Caspase-activation powers anti-Desmoglein 3-induced acantholysis in human epidermis

When the Body Turns on Its Own Skin Glue

Pemphigus vulgaris is a rare but dangerous disease in which the body’s immune system attacks the “glue” that holds skin cells together, causing painful blisters and open sores. This study looks under the microscope to answer a key question: do these blisters form only because antibodies block that glue, or do additional cell-death signals help rip skin cells apart? Understanding this could lead to more targeted and gentler treatments for patients.

How Skin Cells Normally Stay Stuck Together

The outer layer of our skin is made of tightly packed cells connected by tiny structures called desmosomes, which act like rivets between neighboring cells. A key component of these rivets is a protein called desmoglein 3, or Dsg3 for short. In pemphigus vulgaris, patients produce antibodies that mistakenly latch onto Dsg3. Doctors have long known that this antibody attack leads to a process called acantholysis, where skin cells lose contact and blisters appear.
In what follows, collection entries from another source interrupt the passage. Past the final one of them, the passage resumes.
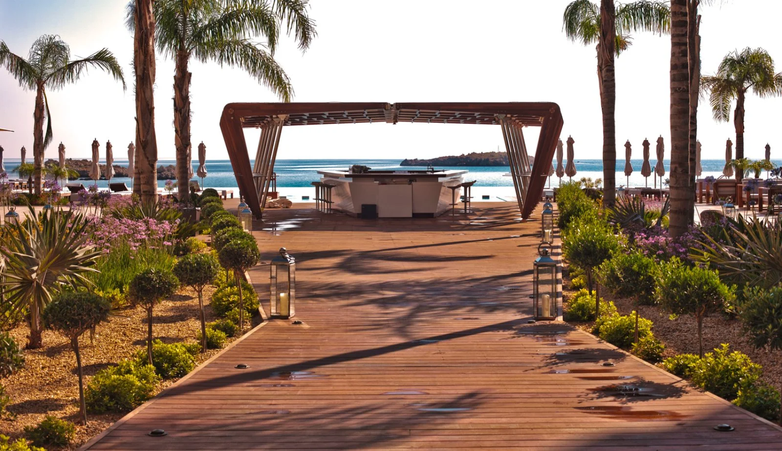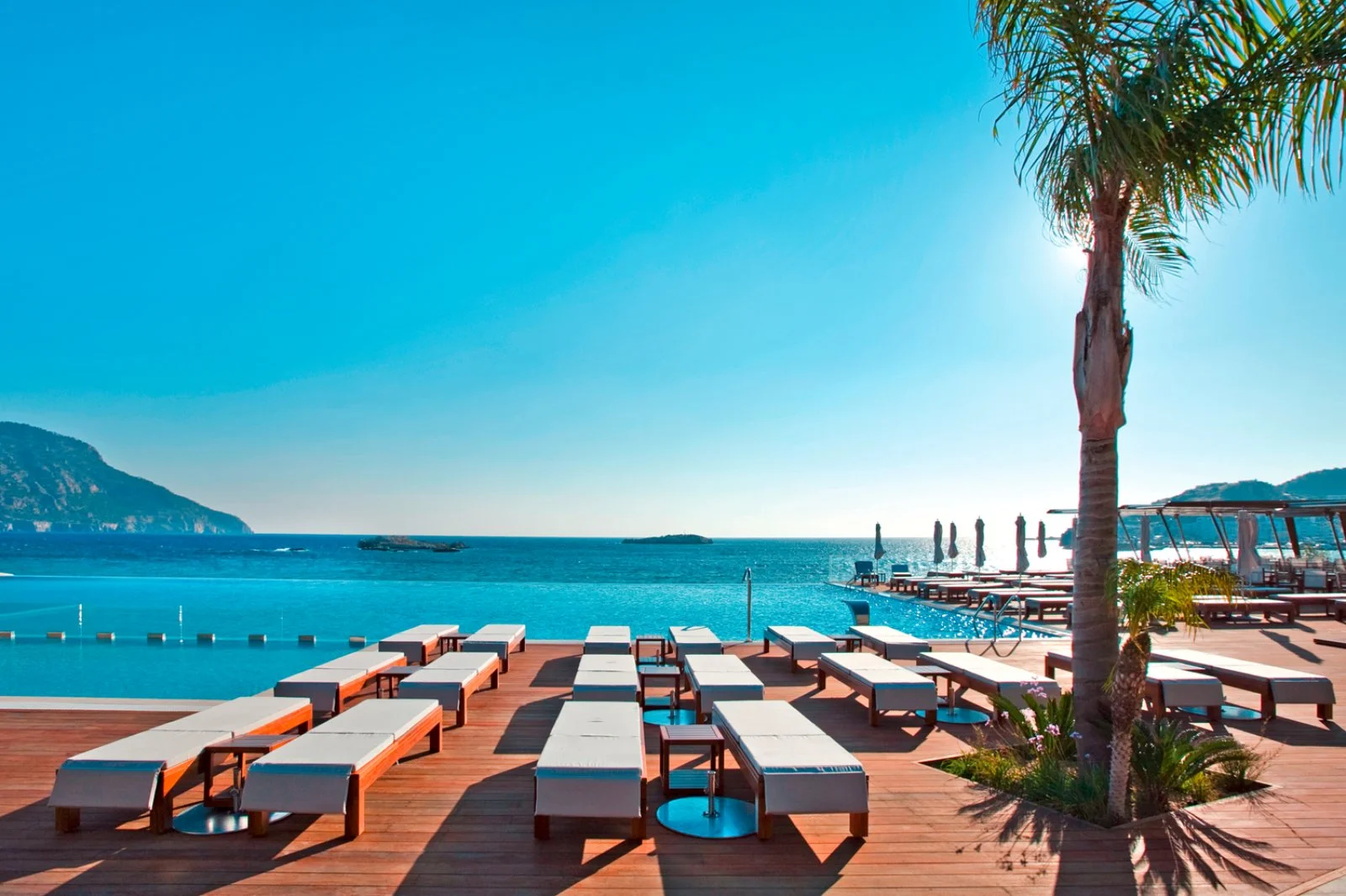 Il corpo centrale si affaccia direttamente sulla lunga spiaggia di sabbia e ciottoli da cui l’edificio annesso dista circa 100 m. Dispone di una scenografica piscina infinity di 700 m2 proprio a ridosso della spiaggia con area riservata ai bambini. Uso gratuito di lettini, ombrelloni e teli mare sia presso la piscina che in spiaggia.
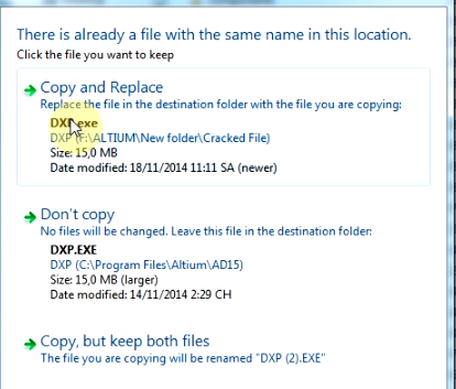 Copy file DXP.exe trong thư mục Atium_Crack\Cracked File và Paste vào thư mục cài đặt của Altium, mặc định là: C:\Program Files(x86)\Altium\AD15
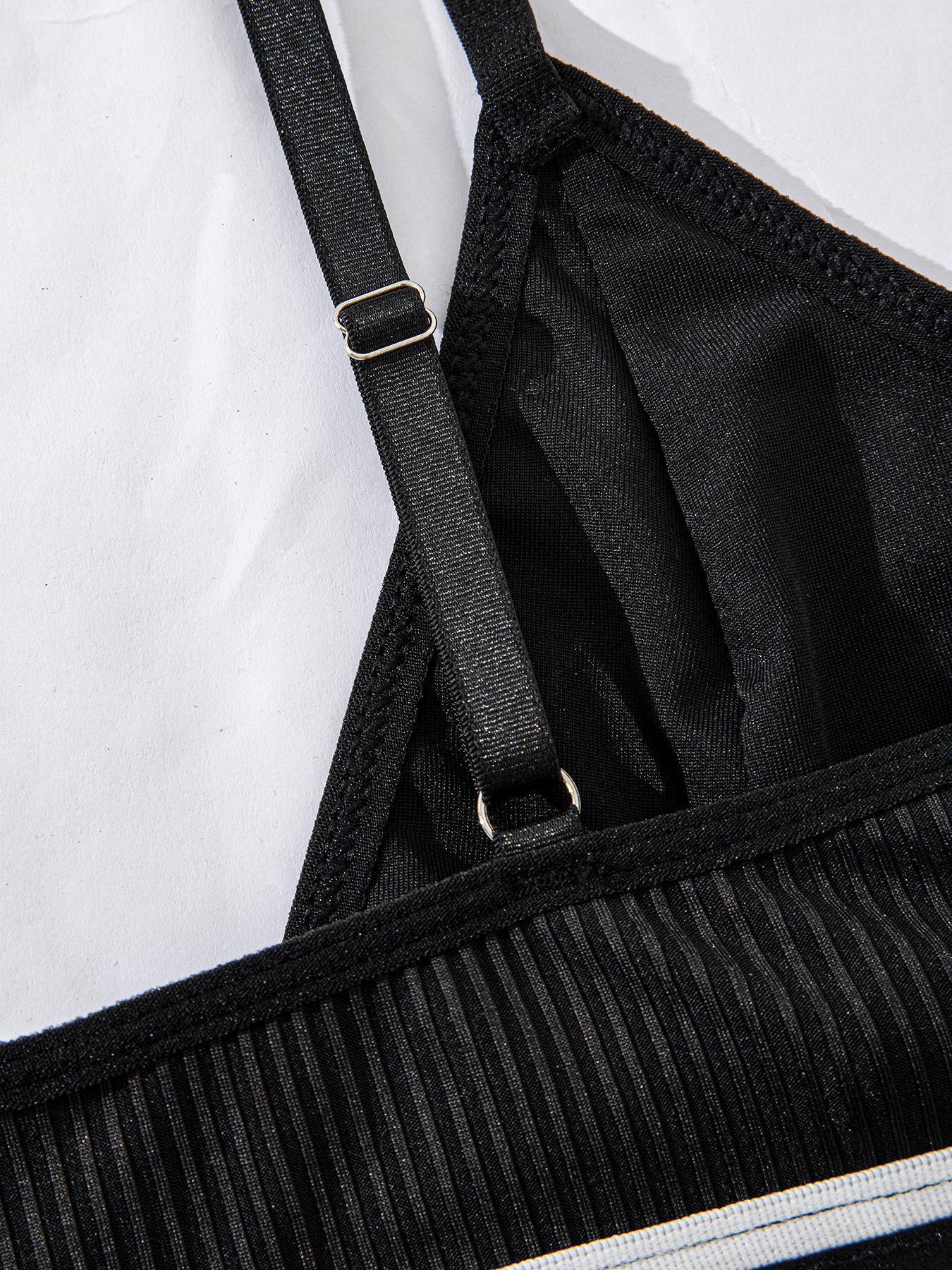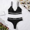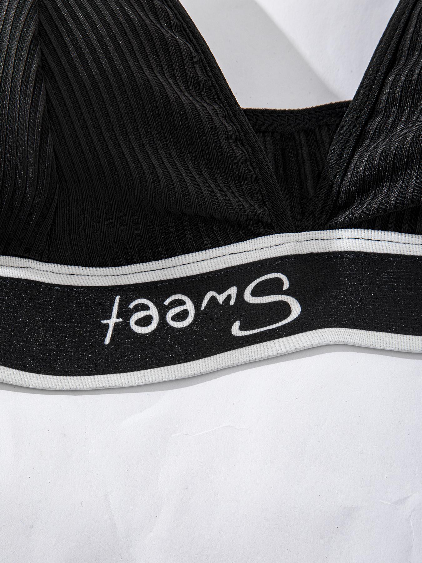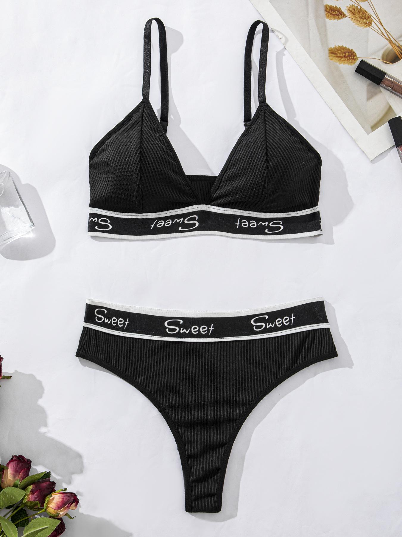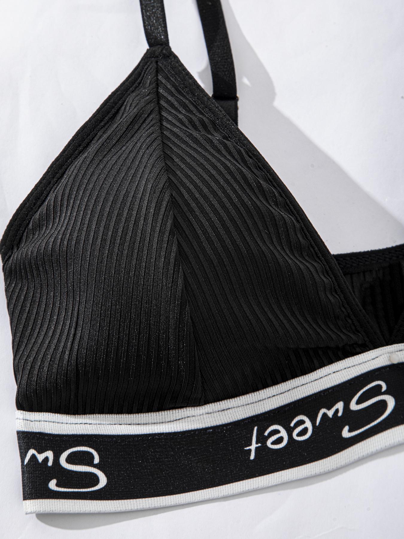 Conjunto de Ropa Interior de Sujetador Deportivo Sexy de Moda con Letras de Algodón Acanalado Transpirable Europeo y Americano para Mujer
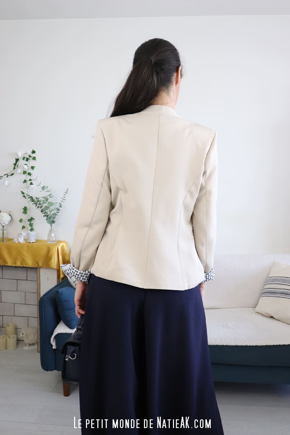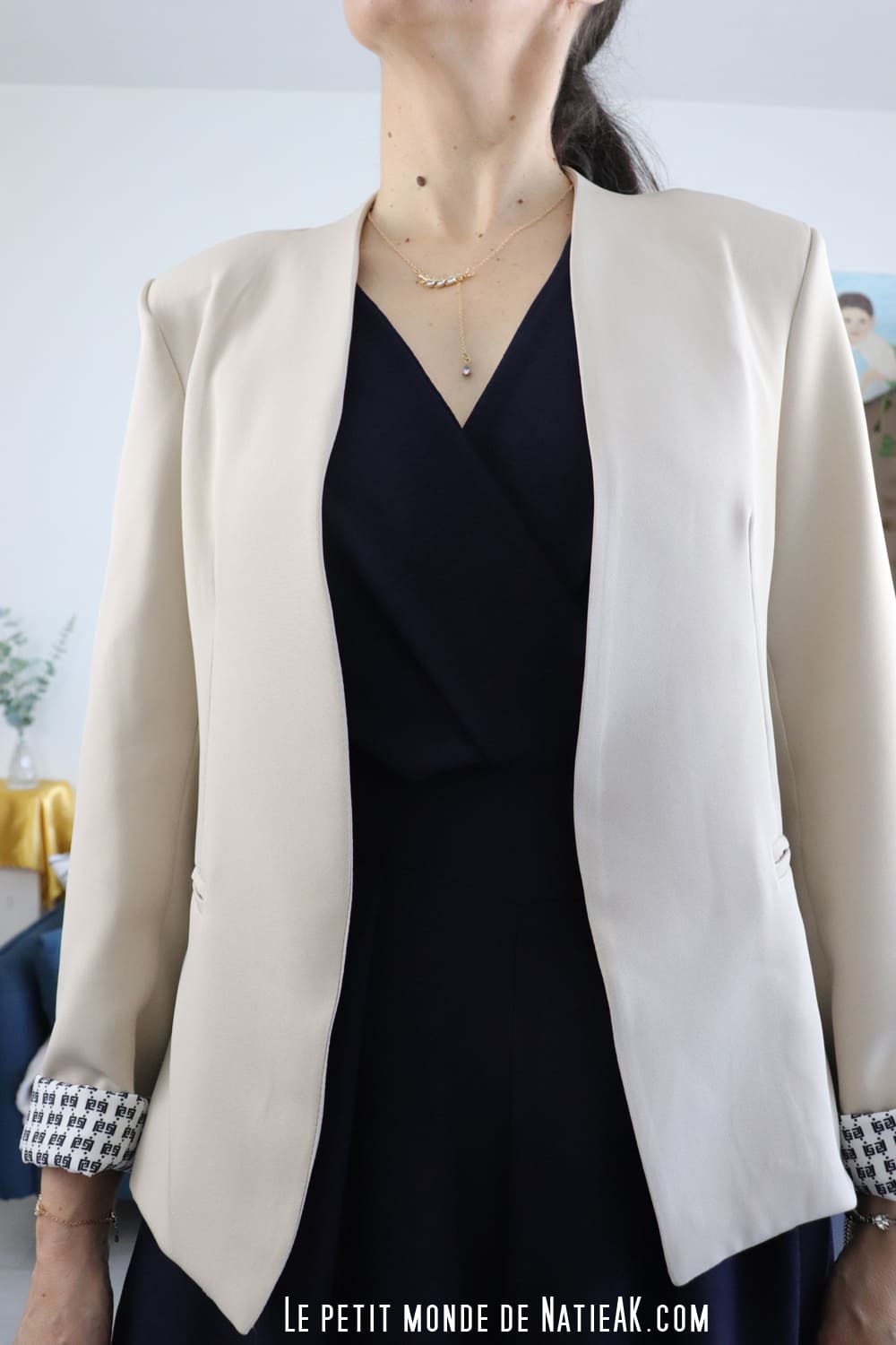 Pour l’accompagner, j’ai choisi une veste fabriquée en Italie en teinte beige : sans bouton, avec deux fausses poches, sa coupe droite peut paraître assez classique, mais l’extrémité de ses manches renferme une belle surprise. En effet, le revers des poignets laisse apparaître un
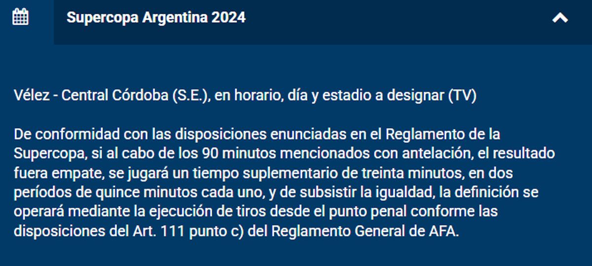 La Supercopa Argentina entre Central Córdoba y Vélez fue postergada. Aunque en un principio se había señalado el estadio Néstor Díaz Pérez, de Lanús, como sede del encuentro, la organización dio marcha atrás por cuestiones logísticas y dejó el partido sin programación confirmada.
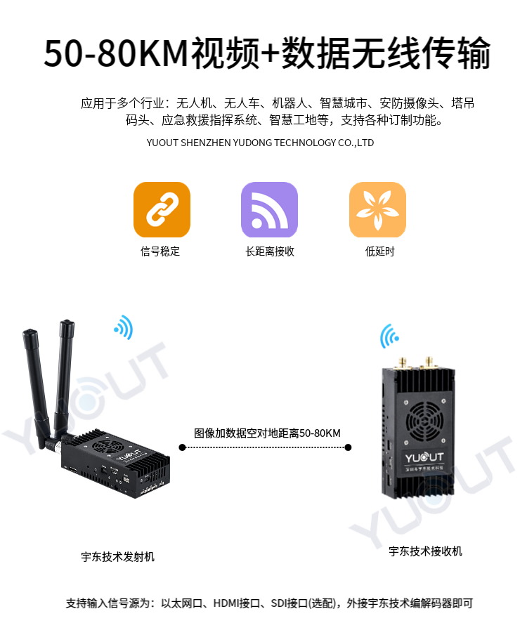 YD-TS0080-WK  是應(yīng)用于無(wú)人機(jī)行業(yè)的圖數(shù)控一體化超遠(yuǎn)距離無(wú)線傳輸設(shè)備(最遠(yuǎn)可達(dá) 50至80 公里),具有體積小、功耗低、通信距離遠(yuǎn)等特點(diǎn),支持高清視頻、飛控?cái)?shù)據(jù)、云臺(tái)控制數(shù)據(jù)、遙控器控制數(shù)據(jù)等同時(shí)傳輸。

But puzzlingly, blisters only show up in certain places and at certain times, even though the harmful antibodies are spread throughout the skin.

Antibodies Alone Can Start the Damage

To see what the antibodies themselves do, the researchers used pieces of healthy human skin and a lab-grown skin cell line. They exposed them to a well-studied anti-Dsg3 antibody. They found that this antibody could weaken cell–cell adhesion and trigger acantholysis even without switching on the usual cell-death machinery inside the cells. The key event was Dsg3 being pulled away from the cell surface into the cell’s interior, often packaged into small vesicles. This removal of Dsg3 from the “rivets” between cells made the desmosomes shorter and less effective, allowing cells to start separating.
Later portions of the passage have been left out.